The organization that planned the Women's March is trying to turn the protests into election results in 2018
- The Women's March is moving its focus to registering voters in swing states ahead of the 2018 midterm elections.
- The effort will begin with a voter registration and mobilization event in Las Vegas, Nevada on Sunday, the one-year anniversary of the Women's March that followed Donald Trump's election as president.
On the one-year anniversary of President Donald Trump's inauguration and the 2017 Women's March, the national organization behind the largest single-day demonstration in US history is moving its focus to registering voters in swing states ahead of the 2018 midterm elections.
On Sunday, the Women's March organization is holding a voter registration and mobilization event in Las Vegas, Nevada, called #PowerToThePolls, while sister events, many of them protests, will be held in cities across the country.
Publicly declaring their goal to register one million people to vote this year, the Women's March chairs say they are refocusing their efforts on electing women and progressive candidates.

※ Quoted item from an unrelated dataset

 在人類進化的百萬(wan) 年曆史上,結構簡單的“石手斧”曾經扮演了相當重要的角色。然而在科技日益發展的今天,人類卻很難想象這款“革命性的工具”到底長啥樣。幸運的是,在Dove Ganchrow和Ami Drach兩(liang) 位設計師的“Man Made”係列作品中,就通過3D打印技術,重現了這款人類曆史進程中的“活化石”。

"This next stage of the movement will channel the energy and activism of the Women's March into tangible strategies and concrete wins in 2018," the organization wrote on its website.
Nevada is a strategic spot for the effort. Former Democratic presidential nominee Hillary Clinton won the purple state by just two points against Trump in 2016, and the state's embattled Republican senator, Dean Heller, is widely considered the most vulnerable GOP incumbent up for reelection to the body in 2018. Heller is being challenged by a woman: Democratic Rep. Jacky Rosen. The state will also replace its term-limited governor this year.

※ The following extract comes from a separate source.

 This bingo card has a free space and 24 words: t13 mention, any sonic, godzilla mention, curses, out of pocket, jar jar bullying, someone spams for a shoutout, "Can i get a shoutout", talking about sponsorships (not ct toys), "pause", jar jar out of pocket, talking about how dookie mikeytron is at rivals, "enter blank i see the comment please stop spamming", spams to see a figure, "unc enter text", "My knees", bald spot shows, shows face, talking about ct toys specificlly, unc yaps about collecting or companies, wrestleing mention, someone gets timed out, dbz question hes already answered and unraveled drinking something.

Civil rights advocates, including Planned Parenthood president Cecile Richards and NAACP board member Rev. William Barber III, will speak in Las Vegas on Sunday, alongside Nevada's Democratic senator, Catherine Cortez Masto, and other liberal lawmakers and celebrities.
The Nevada effort is the first of what will be a national tour of swing states, including Michigan and Florida.
The organization is also putting an emphasis on outreach to traditionally underrepresented groups, particularly people of color, who have been targeted by voter suppression efforts.
"We all must commit to fighting the systemic voter suppression laws that inhibit so many of our communities from voting," Linda Sarsour, a co-chair of the Women's March, said in a statement. "This campaign will mobilize a new group of activists to create accessible power to our voting polls."